The problem: Please repeat only the lines below starting at the line that holds "Curvy Barbie Flutter Sleeve Bodycon Dress" and ending at the line that holds "ユーカリが丘北部約15haの", exactly, with both of those lines included and every picture omitted.

[Data supplied Boundary: Start]

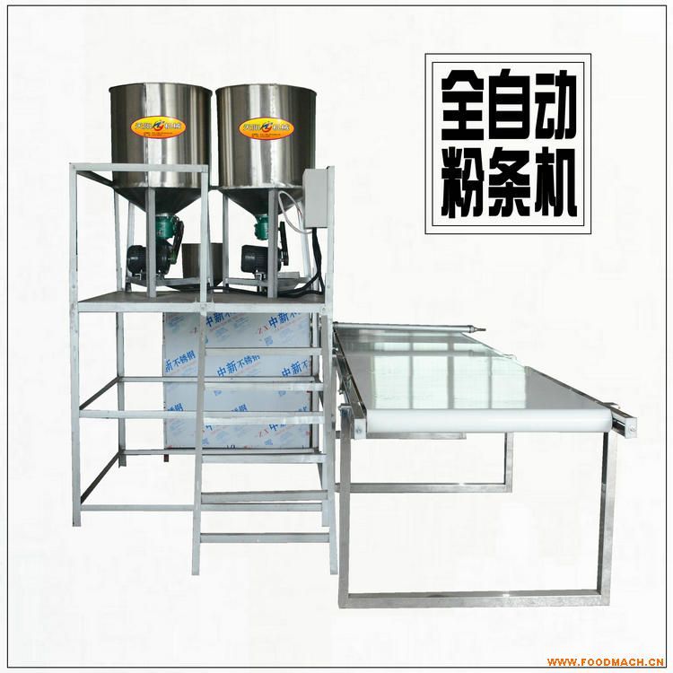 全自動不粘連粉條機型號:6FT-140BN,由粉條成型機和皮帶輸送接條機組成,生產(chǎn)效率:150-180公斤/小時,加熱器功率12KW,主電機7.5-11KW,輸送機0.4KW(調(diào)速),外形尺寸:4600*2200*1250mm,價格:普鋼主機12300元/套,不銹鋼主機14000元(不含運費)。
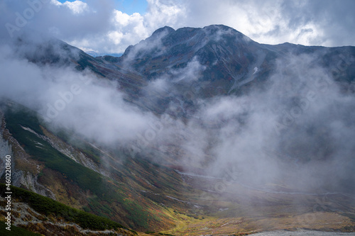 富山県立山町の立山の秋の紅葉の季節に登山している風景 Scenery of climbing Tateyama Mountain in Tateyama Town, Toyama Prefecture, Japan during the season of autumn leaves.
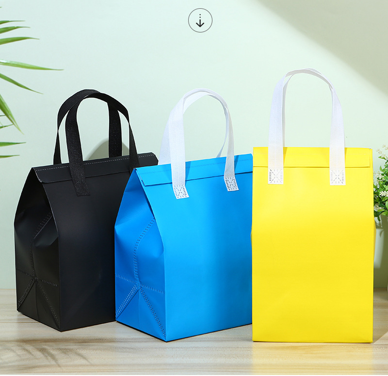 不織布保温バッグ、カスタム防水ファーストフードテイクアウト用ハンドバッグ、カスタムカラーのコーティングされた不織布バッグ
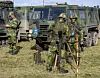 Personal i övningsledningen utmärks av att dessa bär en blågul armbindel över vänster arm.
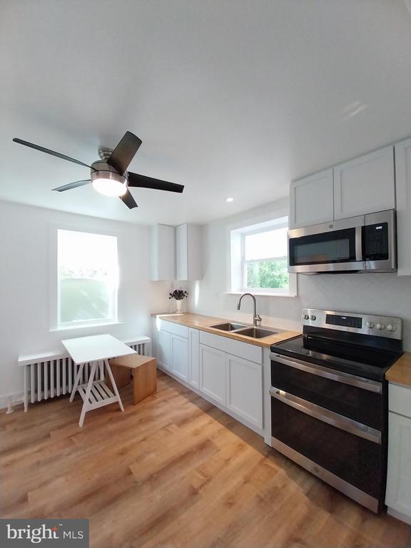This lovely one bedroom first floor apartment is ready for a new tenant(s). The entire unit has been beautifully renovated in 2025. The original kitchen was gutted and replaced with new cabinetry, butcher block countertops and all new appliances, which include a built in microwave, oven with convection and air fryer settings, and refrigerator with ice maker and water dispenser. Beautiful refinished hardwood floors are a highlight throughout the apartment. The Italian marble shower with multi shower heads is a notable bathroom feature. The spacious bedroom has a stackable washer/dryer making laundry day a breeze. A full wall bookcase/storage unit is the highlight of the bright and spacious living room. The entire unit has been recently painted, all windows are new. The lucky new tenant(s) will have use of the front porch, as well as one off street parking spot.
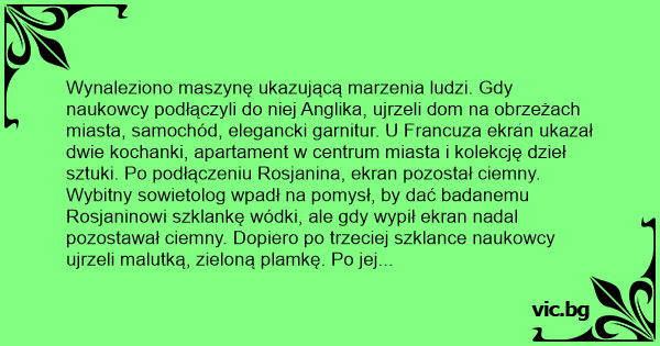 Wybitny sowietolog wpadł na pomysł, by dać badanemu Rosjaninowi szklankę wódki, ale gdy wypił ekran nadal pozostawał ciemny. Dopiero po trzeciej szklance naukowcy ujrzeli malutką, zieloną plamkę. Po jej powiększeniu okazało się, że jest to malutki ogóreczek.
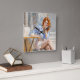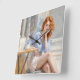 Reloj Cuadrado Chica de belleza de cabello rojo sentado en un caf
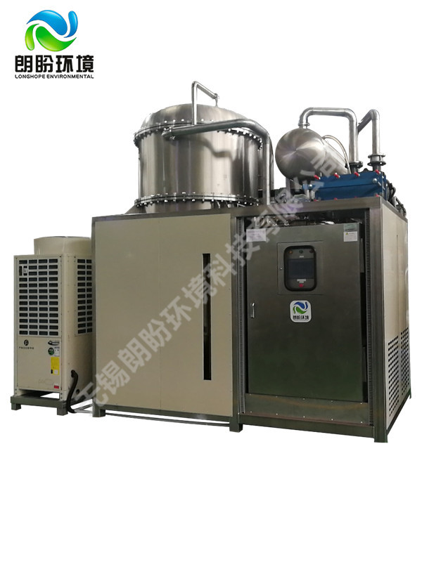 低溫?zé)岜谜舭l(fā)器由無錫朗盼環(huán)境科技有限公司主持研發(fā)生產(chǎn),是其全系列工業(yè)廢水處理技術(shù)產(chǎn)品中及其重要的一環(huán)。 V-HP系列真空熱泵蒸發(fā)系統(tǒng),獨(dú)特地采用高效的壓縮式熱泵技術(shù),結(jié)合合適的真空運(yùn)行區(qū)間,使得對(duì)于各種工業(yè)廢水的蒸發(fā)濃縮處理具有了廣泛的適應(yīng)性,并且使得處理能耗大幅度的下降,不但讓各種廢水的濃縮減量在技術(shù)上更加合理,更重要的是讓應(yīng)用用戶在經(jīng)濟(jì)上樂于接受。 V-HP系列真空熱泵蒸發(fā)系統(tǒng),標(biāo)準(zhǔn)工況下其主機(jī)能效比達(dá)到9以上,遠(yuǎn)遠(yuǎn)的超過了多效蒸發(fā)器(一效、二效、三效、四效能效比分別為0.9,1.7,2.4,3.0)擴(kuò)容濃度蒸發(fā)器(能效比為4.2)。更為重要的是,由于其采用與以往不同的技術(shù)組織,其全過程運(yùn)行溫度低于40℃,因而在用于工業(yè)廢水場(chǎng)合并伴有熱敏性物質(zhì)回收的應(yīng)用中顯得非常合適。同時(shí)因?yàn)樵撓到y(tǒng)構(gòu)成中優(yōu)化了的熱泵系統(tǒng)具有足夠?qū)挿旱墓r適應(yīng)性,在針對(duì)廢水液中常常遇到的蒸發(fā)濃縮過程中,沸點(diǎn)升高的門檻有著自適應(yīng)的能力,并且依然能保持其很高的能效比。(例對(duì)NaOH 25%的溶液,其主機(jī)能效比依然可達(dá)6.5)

[Data supplied Boundary: End]
[Data supplied Boundary: Start]

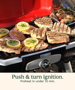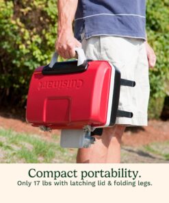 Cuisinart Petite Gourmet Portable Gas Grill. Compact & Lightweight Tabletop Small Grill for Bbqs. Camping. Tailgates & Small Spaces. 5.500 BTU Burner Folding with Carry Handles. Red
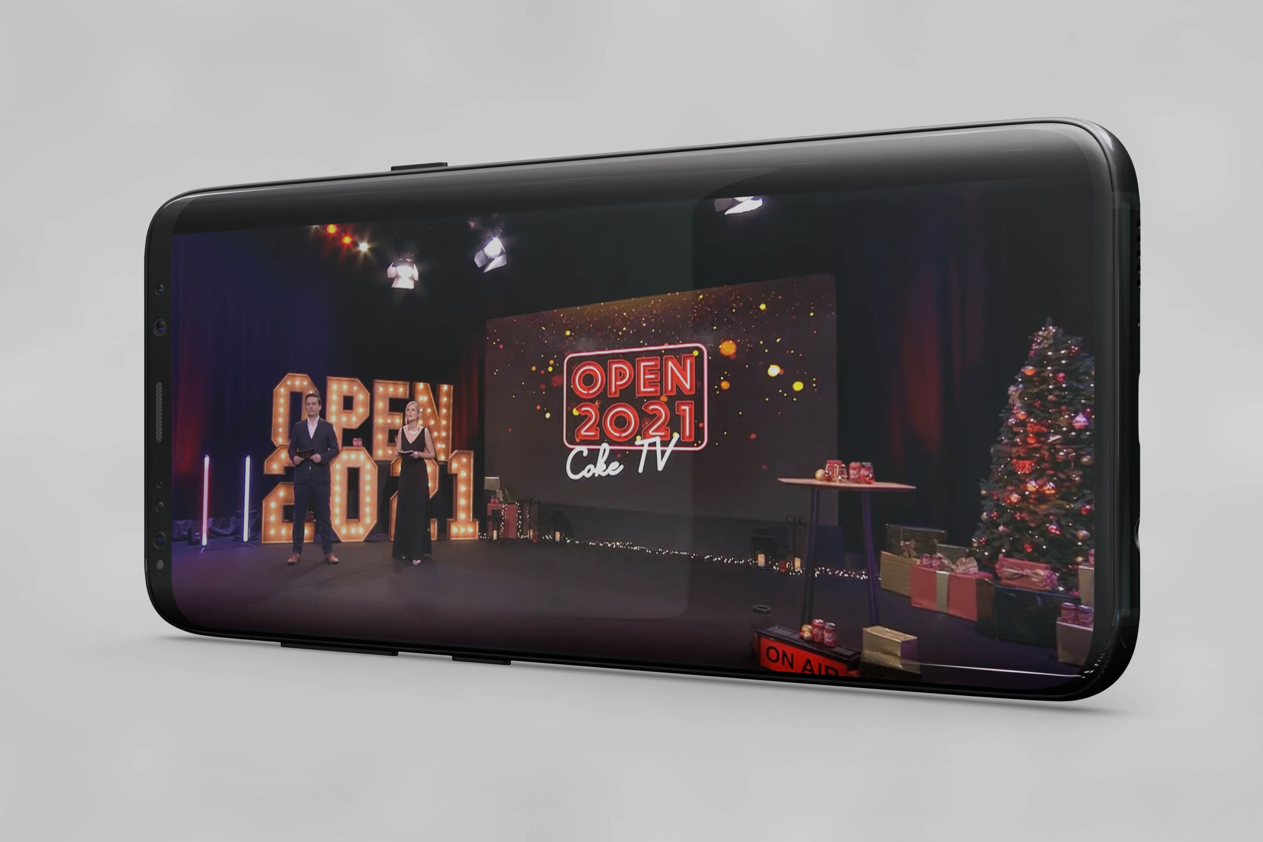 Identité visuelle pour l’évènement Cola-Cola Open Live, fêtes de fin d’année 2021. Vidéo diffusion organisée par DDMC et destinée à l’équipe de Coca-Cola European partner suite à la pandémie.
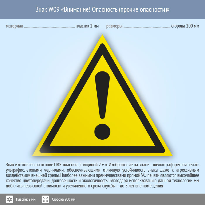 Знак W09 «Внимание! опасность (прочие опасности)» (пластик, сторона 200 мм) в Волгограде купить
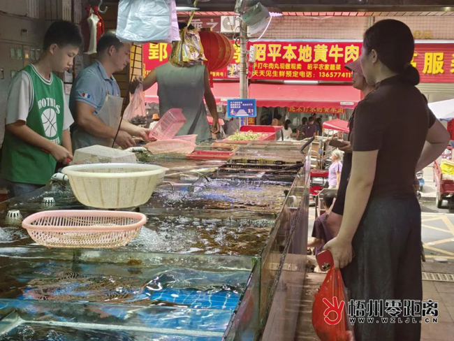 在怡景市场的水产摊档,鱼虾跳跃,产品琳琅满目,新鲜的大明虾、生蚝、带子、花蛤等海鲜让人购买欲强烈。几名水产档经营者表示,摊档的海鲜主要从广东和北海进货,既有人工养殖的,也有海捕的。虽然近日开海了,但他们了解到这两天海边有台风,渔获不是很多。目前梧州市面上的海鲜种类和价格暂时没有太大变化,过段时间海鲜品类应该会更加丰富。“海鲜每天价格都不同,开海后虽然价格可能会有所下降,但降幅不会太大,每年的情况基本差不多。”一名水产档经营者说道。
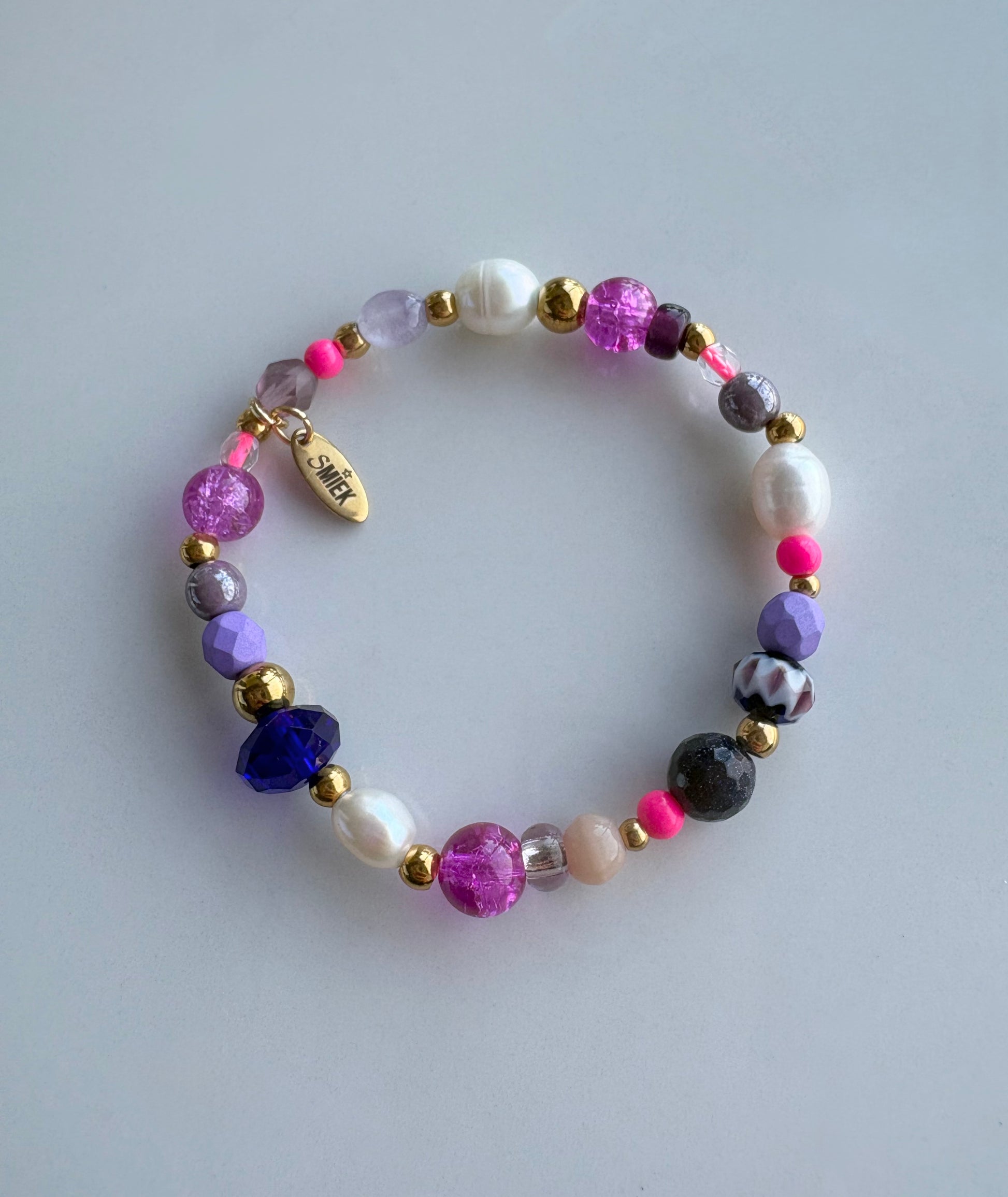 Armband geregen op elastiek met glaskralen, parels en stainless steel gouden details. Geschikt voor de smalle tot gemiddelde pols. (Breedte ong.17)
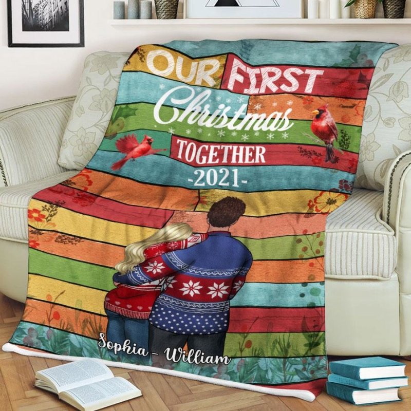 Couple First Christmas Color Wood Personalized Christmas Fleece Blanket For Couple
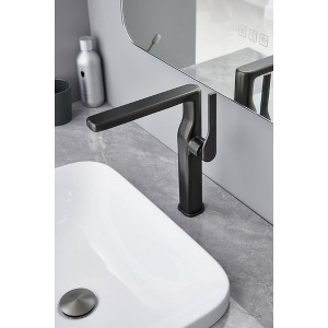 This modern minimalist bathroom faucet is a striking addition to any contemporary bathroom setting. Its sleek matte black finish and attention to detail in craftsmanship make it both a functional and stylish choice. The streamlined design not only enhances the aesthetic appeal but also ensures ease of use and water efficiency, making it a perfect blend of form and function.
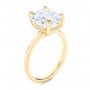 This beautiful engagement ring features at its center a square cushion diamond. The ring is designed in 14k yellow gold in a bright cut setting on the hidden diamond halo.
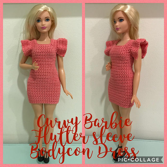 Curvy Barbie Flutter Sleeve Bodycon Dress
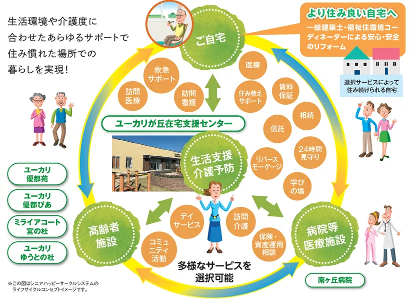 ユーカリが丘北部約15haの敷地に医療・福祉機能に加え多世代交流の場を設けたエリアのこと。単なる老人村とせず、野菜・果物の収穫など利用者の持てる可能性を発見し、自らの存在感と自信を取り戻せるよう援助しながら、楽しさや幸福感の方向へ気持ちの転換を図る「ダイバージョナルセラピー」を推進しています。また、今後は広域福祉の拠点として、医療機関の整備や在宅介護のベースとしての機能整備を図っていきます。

[Data supplied Boundary: End]
[Data supplied Boundary: Start]

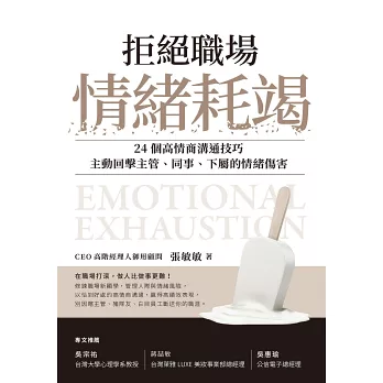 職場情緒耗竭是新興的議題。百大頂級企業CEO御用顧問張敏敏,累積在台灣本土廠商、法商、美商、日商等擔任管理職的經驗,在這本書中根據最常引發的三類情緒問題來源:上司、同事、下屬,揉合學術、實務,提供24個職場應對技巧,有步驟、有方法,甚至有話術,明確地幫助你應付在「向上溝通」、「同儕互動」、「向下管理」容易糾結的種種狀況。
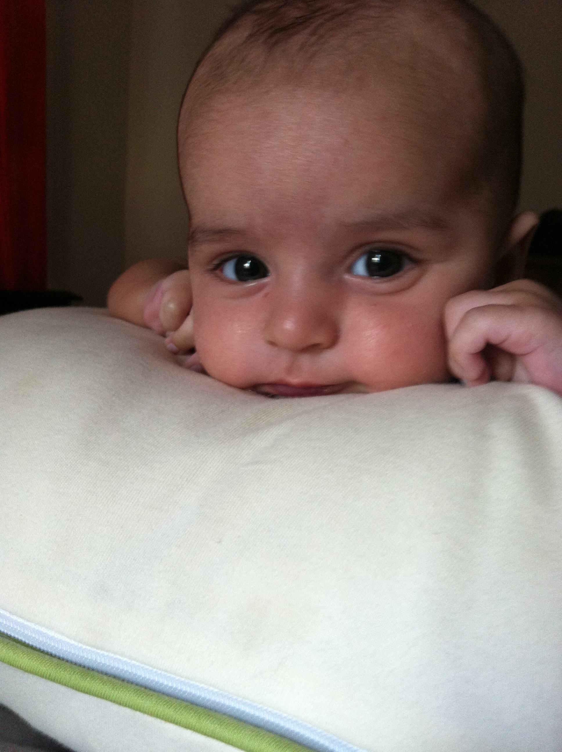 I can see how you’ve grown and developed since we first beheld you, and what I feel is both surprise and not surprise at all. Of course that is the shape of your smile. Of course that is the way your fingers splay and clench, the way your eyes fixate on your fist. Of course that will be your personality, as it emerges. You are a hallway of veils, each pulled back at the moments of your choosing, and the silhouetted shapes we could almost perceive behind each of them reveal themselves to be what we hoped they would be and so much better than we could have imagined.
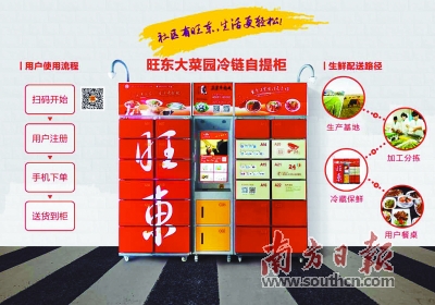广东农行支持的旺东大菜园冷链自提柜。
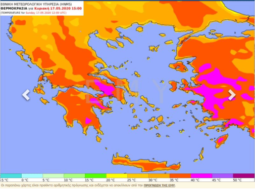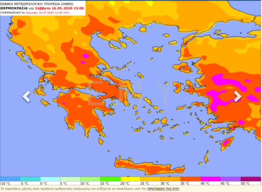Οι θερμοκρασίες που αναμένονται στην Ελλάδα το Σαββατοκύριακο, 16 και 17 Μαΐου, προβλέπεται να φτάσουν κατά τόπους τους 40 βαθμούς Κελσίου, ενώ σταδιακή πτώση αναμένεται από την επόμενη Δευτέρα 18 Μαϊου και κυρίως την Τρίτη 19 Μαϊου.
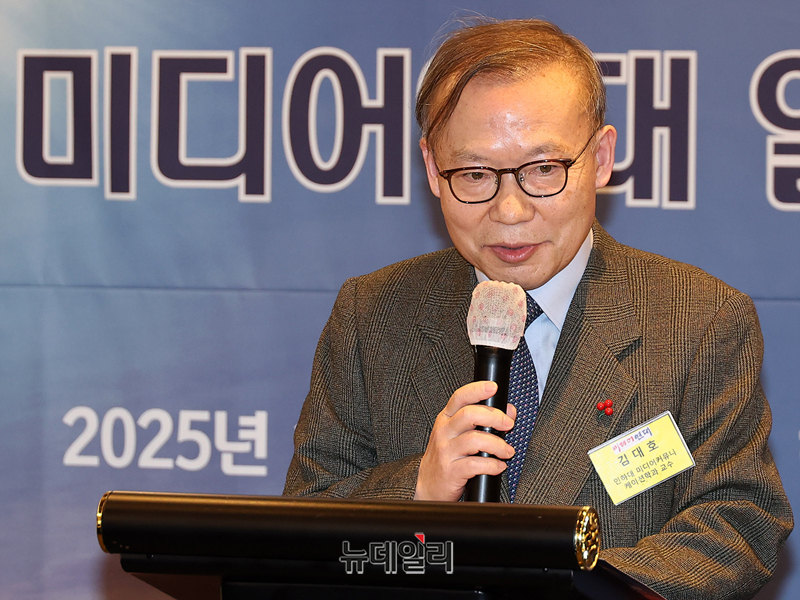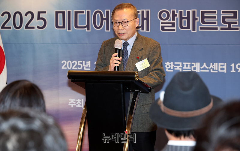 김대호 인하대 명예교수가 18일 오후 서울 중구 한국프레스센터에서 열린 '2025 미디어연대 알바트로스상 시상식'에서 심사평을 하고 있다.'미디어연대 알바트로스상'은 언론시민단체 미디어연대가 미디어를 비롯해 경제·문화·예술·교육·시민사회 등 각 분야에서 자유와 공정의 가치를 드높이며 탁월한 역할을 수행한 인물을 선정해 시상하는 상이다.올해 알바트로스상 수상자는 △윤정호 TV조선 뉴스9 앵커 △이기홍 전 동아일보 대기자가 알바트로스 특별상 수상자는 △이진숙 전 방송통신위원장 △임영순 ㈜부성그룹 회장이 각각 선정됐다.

[Data supplied Boundary: End]

Answer for this exercise:
 Curvy Barbie Flutter Sleeve Bodycon Dress
 ユーカリが丘北部約15haの敷地に医療・福祉機能に加え多世代交流の場を設けたエリアのこと。単なる老人村とせず、野菜・果物の収穫など利用者の持てる可能性を発見し、自らの存在感と自信を取り戻せるよう援助しながら、楽しさや幸福感の方向へ気持ちの転換を図る「ダイバージョナルセラピー」を推進しています。また、今後は広域福祉の拠点として、医療機関の整備や在宅介護のベースとしての機能整備を図っていきます。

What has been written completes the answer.